> _Exercise_
Everything from the line containing "La primera semana" through the final line below must be output exactly, both ends included, with nothing else and no pictures.

> _Dataset extract_
::::::::
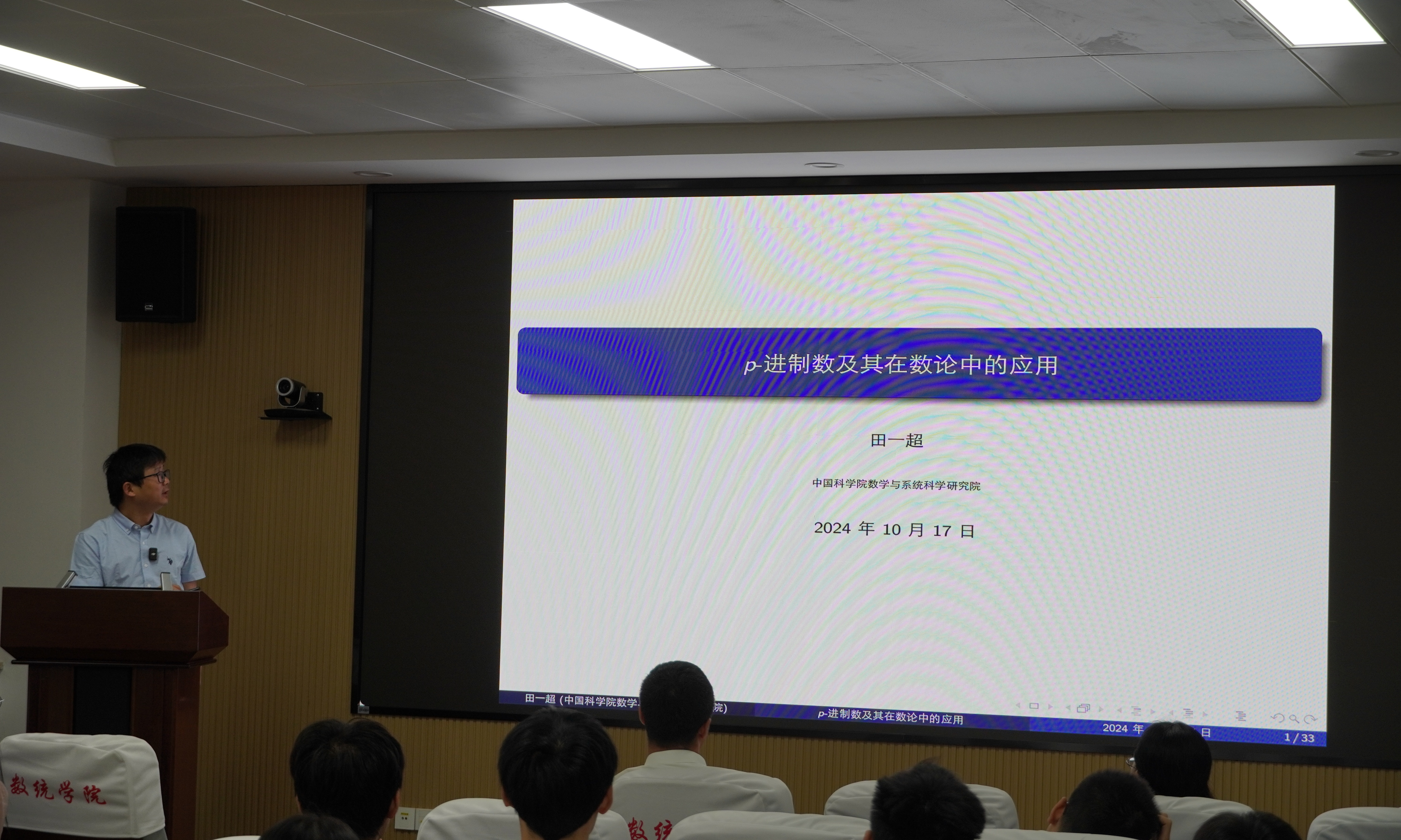 田一超研究员以“p-进制数及其在数论中的应用”为主题,追溯了“数”的历史脉络,循序渐进地引出了p-进制数的起源与定义,系统性地介绍了p-进制绝对值的概念、p-进制数集的界定及其蕴含的几何与代数特性,深刻揭示了p-进制数的独特魅力,探讨了p-进制数在数论中的多维度应用。田一超研究员着重阐述了p-进制数在丢番图(Diophantine)方程中的应用、Hasse-Minkowski定理及其推论、p-进制伽罗华表示及Langlands纲领,并以多个具体的例子对p-进制数在数论中的应用有了更直观的理解。在讨论环节,与会者积极提问,田一超研究员耐心解答,现场学术氛围浓厚。
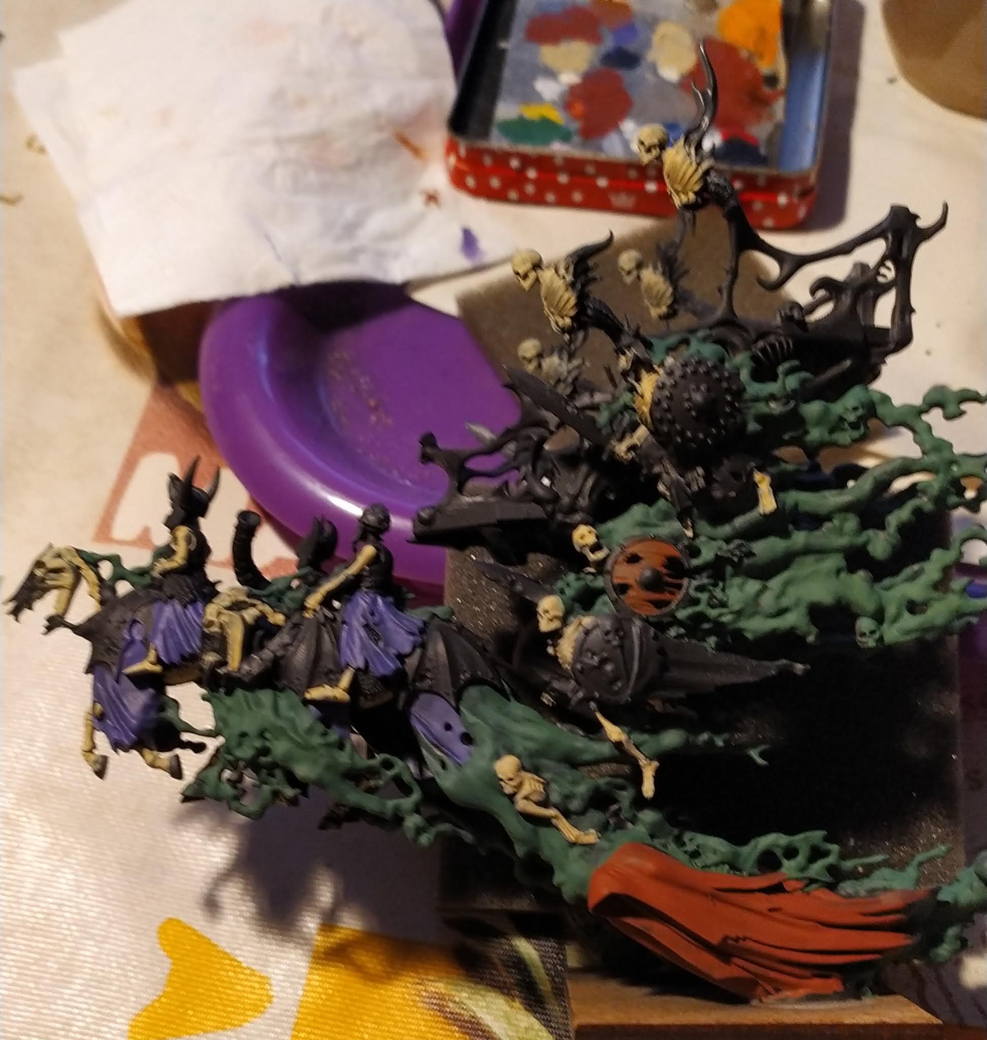 La primera semana de Abril se centró en dar las capas bases, como había decidido no hacerlo fantasmal, pintaría los esqueletos de hueso (solo aquellos que estén parcialmente materializados), los ropajes de los "Revenants a caballo" irían en morado por ser élite, los esqueletos normales de cualquier color, y los espectros de rojo como en el resto de mi ejército.
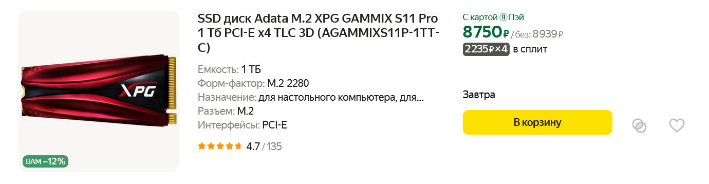На третьем месте расположился SSD ADATA XPG GAMMIX S11 Pro объемом 1 ТБ, довольно старая модель с интерфейсом PCI Express 3.0, скоростью чтения до 3500 Мбайт/сек, записи - 3000 Мбайт/сек, и ресурсом перезаписи в 640 ТБ. Модель интересна наличием DRAM-буфера объемом 1000 МБ.
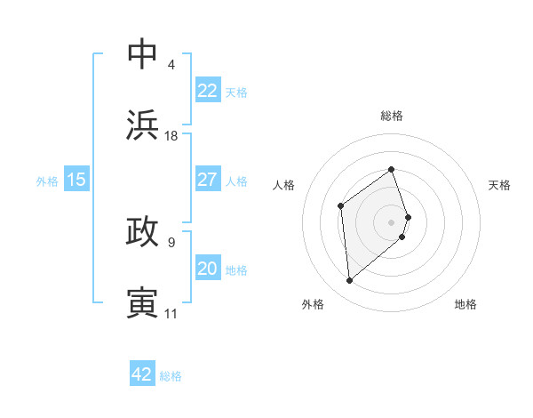 中浜 政寅さんを姓名の画数から五運を鑑定
::::::::
> _Response to this task_
 La primera semana de Abril se centró en dar las capas bases, como había decidido no hacerlo fantasmal, pintaría los esqueletos de hueso (solo aquellos que estén parcialmente materializados), los ropajes de los "Revenants a caballo" irían en morado por ser élite, los esqueletos normales de cualquier color, y los espectros de rojo como en el resto de mi ejército.
На третьем месте расположился SSD ADATA XPG GAMMIX S11 Pro объемом 1 ТБ, довольно старая модель с интерфейсом PCI Express 3.0, скоростью чтения до 3500 Мбайт/сек, записи - 3000 Мбайт/сек, и ресурсом перезаписи в 640 ТБ. Модель интересна наличием DRAM-буфера объемом 1000 МБ.
 中浜 政寅さんを姓名の画数から五運を鑑定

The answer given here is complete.